Ермо, однако, не заблуждался насчет успеха «Клеменса» – уже через полгода он записал в дневнике: «Пьеса так себе, но я не обязан кричать об этом на всех перекрестках».
К тому времени в самом разгаре была работа над следующим драматическим произведением – «Пещным действом», которое он сочинял в соавторстве с Дэвидом Ван Бруксом.
Смысловым ядром пьесы стала история из третьей главы Книги пророка Даниила о царе Навуходоносоре и трех иудейских «отроках» – Анании, Мисаиле и Азарии, получивших в плену имена Седрах, Мисах и Авденаго. Сюжет этот многажды использовался сочинителями средневековых театрализованных постановок.
Известна стихотворная пьеса Симеона Полоцкого, написанная в конце 1670-х годов для театра царя Алексея Михайловича, – «Комедия о Навуходоносоре царе, о теле злате и о триех отроцех в пещи не сожженных».

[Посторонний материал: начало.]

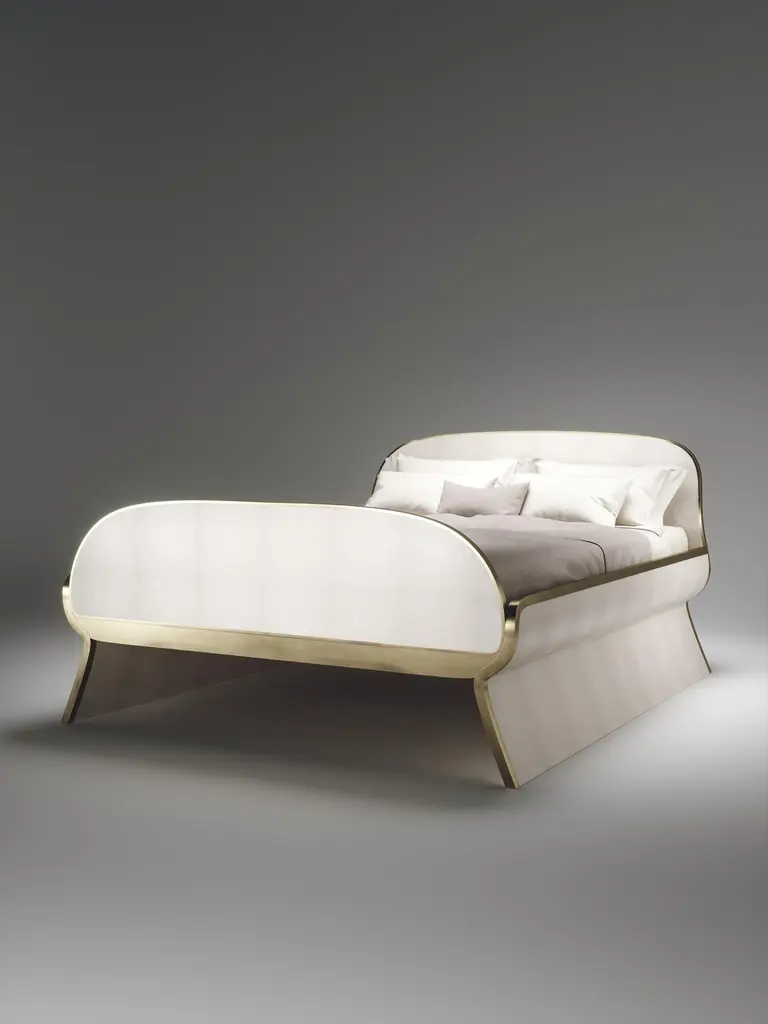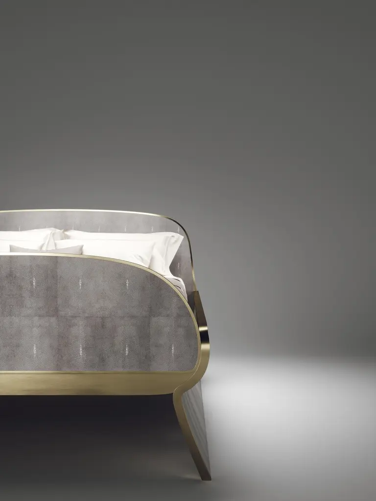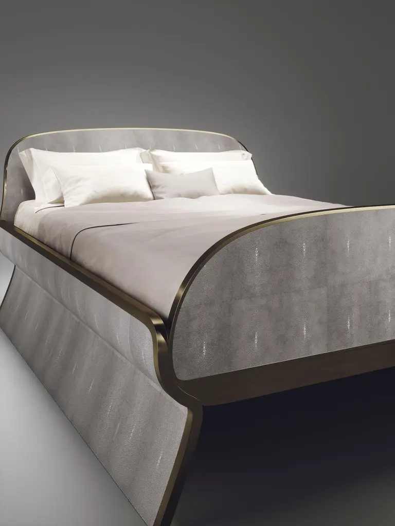 The Paris based label has distinguished themselves since their launch, with their iconic use of shagreen mixed with brass and other exotic materials. All furniture is handcrafted by skilled artisans, ultimately making each piece unique, designed in Paris and produced in the Philippines.The Dandy bed inlaid in cream parchment and bronze-patina brass is a one of a kind piece. This modern and elegant design creates a subtle and sculptural statement for any bedroom. This design comes in other finishes as shown in the image slides. The frame is sold without the mattress. Custom sizing available to suit any bed sizing. This piece is designed by Kifu Augousti, the daughter of Ria and Yiouri Augousti. The dimensions of this piece are 170 x 232.9 x 103.2 cm All Kifu Paris pieces are handmade by artisans, ultimately making each piece unique. Custom color/sizing available on request. Wipe clean with soft dry cloth.Although inspired by her parents, her collection of Home Accessories and Furniture is a distinct identity of its own. Kifu uses handmade techniques of elaborate inlay patterns of shagreen, shells, semi-precious stones, materials she experienced as a child growing up in her parent’s studio, but interpreted in a younger quirkier way reflecting her youth. From her "jewelry inspired knobs" on decorative boxes, gold bar boxes and an extravagant inlay pattern mix of shagreen and shell inspired by galactic constellations, as seen on her enormous round mirror, is refreshing to see. Kifu embodies whimsical elements throughout her collection and is not afraid to be daring and unexpected in her approach to design. All shagreen-covered items should be kept out of direct sunlight, color variants may occur on the stingray and other exotic finishes, but this showcases the Parisian label's commitment to creating authentic luxurious products using natural components.

Царь Навуходоносор сделал золотой истукан и велел всем поклониться ему: «В то время, как услышите звук трубы, свирели, цитры, цевницы, гуслей и симфонии, и всяких музыкальных орудий, падите и поклонитесь золотому истукану… И когда раздалась эта варварская какофония, «пали все народы, племена и языки, и поклонились золотому истукану…» Не поклонились только три иудея – Седрах, Мисах и Авденаго, которые в ответ на гневные претензии Навуходоносора и угрозу сжечь их живьем заявили: «Бог наш, Которому мы служим, силен спасти нас от печи, раскаленной огнем, и от руки твоей, царь, избавит. Если же и не будет того, то да будет известно тебе, царь, что мы богам твоим служить не будем, и золотому истукану, который ты поставил, не поклонимся». Их бросили связанными в огненную печь, но упрямая троица выжила, уповая на Бога, который был с ними в печи (ведь если Ягве говорит: вы мои свидетели, и я Бог, верно и обратное). «И собравшиеся сатрапы, наместники, военачальники и советники царя усмотрели, что над телами мужей сих огонь не имел силы, и волоса на голове не опалены, и одежды их не изменились, и даже запаха огня не было от них. Тогда Навуходоносор сказал: «благословен Бог Седраха, Мисаха и Авденаго, Который послал Ангела Своего и избавил рабов Своих, которые надеялись на Него и не послушались царского повеления, и предали тела свои огню, чтобы не служить и не поклоняться иному богу, кроме Бога своего!..»
У Даниила не объясняется, зачем-таки поставил Навуходоносор золотого тельца-истукана, да это, впрочем, и неважно: телец для иудеев – символ тупой власти, требующей от них отпадения от Бога, то есть отказа от идентичности, жертвы, которой почти две тысячи лет требовали от иудеев европейские христиане.
У Даниила не объясняется, зачем-таки поставил Навуходоносор золотого тельца-истукана, да это, впрочем, и неважно: телец для иудеев – символ тупой власти, требующей от них отпадения от Бога, то есть отказа от идентичности, жертвы, которой почти две тысячи лет требовали от иудеев европейские христиане.
Рауль Хилберг в «Уничтожении европейских евреев» так описал стадии этого процесса: «Христианские миссионеры говорили, в сущности, следующее: вы не имеете права жить среди нас как евреи. Пришедшие им на смену светские правители провозгласили: вы не имеете права жить среди нас. Наконец, немецкие нацисты постановили: вы не имеете права жить…»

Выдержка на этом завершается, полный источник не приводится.